The Second Circuit Court of Appeals recently affirmed a lower court’s dismissal of a distributor’s breach of contract claims because the contract was terminable at will and the manufacturer had no duty to protect the distributor from competition. Compania Embotelladora Del Pacifico, S.A. v. Pepsi Cola Company, 976 F.3d 239 (2d Cir. Sept. 29, 2020). In 1952, PepsiCo and Compania Embotelladora Del Pacifico, S.A. (CEPSA) entered into an exclusive bottler agreement (EBA) granting CEPSA the exclusive right to bottle and distribute Pepsi Cola in a protected territory in parts of Peru. PepsiCo agreed that so long as the EBA was in effect, it would not appoint another bottler to service the protected territory. The EBA had no expiration date, but did permit PepsiCo to terminate it for specific defaults, including breach of the EBA or insolvency. The parties had a successful relationship until the 1990s when CEPSA encountered financial hardship, including the inability to pay PepsiCo. In August 1998, one of CEPSA’s creditors filed an insolvency petition. In March 1999, PepsiCo sent CEPSA a notice of termination, citing multiple breaches, including CEPSA’s insolvency. In October 2000, CEPSA sued PepsiCo in a federal court in New York, alleging wrongful termination and failure to protect CEPSA from third parties transshipping Pepsi products into the protected territory. Years of litigation ensued and, in October 2008, CEPSA filed an amended complaint alleging two additional tort claims, which the district court eventually dismissed along with CEPSA’s wrongful termination claim.

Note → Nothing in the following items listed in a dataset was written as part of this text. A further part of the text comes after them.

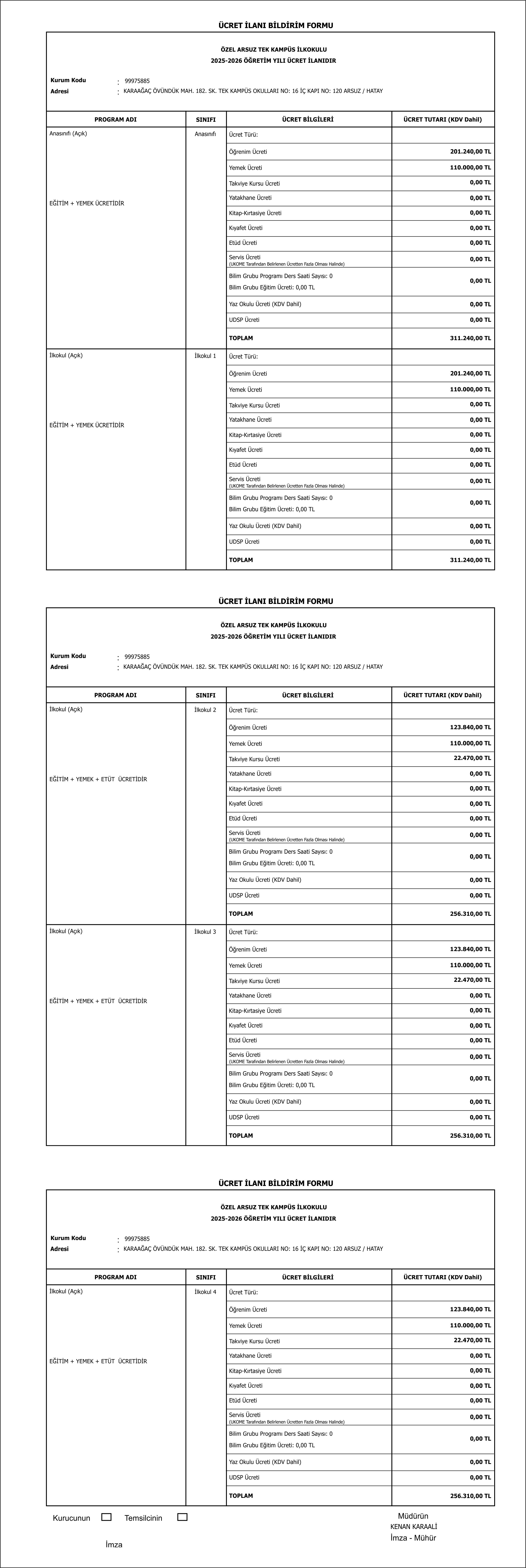 İlkokul Fiyat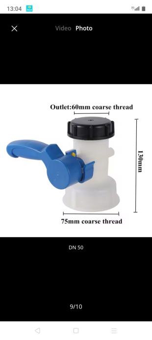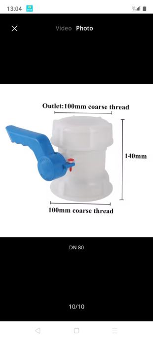 DN 50 promjer fi 72mm plastični navoj ili sa metalnim navoj adapterom za brzu montažu; DN80 promjer trapeznog grubog navoja cca 95mm; ventili su potpuno novi nikada korišteni, plombirani alu folijom i zapečaćeni
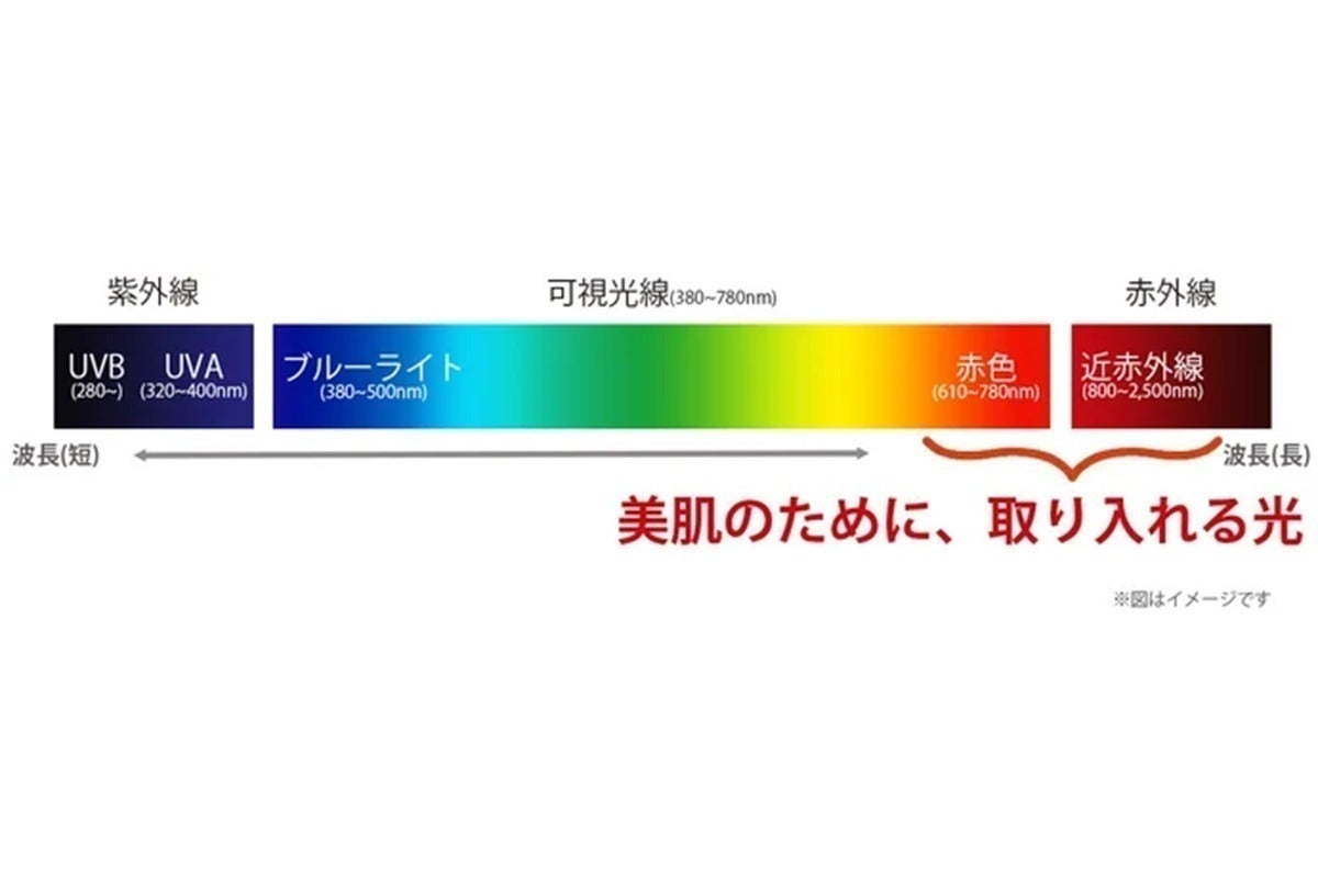 660nmの波長は、肌にハリと弾力を与え、いきいきとした肌に魅せることができるとされています。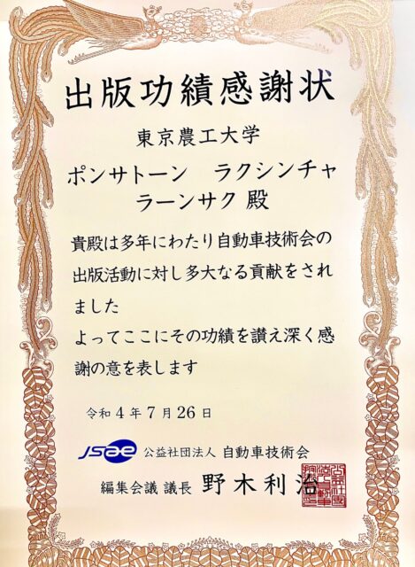 受賞論文“Proactive Braking Control and Collision Avoidance Assistance System for Passing a Blind Spot in Intersection”

The court later granted a motion for summary judgment by PepsiCo on the transshipment claim because CEPSA failed to prove damages and PepsiCo did not have a contractual duty to protect CEPSA from third-party transshipment into the protected territory. The court further rejected CEPSA’s proposition that PepsiCo had a duty to protect it based on the implied covenant of good faith and fair dealing. CEPSA appealed the dismissal of its wrongful termination claim and its breach of contract claim.
Applying a de novo standard, the Second Circuit eventually affirmed the lower court’s rulings. With respect to CEPSA’s wrongful termination claim, under New York law a “contract of indefinite duration is terminable at will unless the contract expressly and unequivocally states that the parties intended to be perpetually bound.” The EBA had no expiration date, and the Second Circuit found no contract language that expressly and unequivocally created a perpetual contract. Therefore, PepsiCo had the right to terminate the EBA and the Second Circuit affirmed dismissal of CEPSA’s wrongful termination claim. On the transshipping claim, the Second Circuit found that based on the EBA contract language, PepsiCo’s only obligation was to refrain from appointing another bottler to service the protected territory. The EBA did not obligate PepsiCo to police the protected territory on CEPSA’s behalf. Because the EBA did not discuss or create such an obligation, the court declined to extend the covenant of good faith and fair dealing to require PepsiCo to police the protected territory. The court found no law at the time the parties entered into the EBA that would create such a duty. Thus, the Second Circuit affirmed the lower court’s decisions in favor of PepsiCo.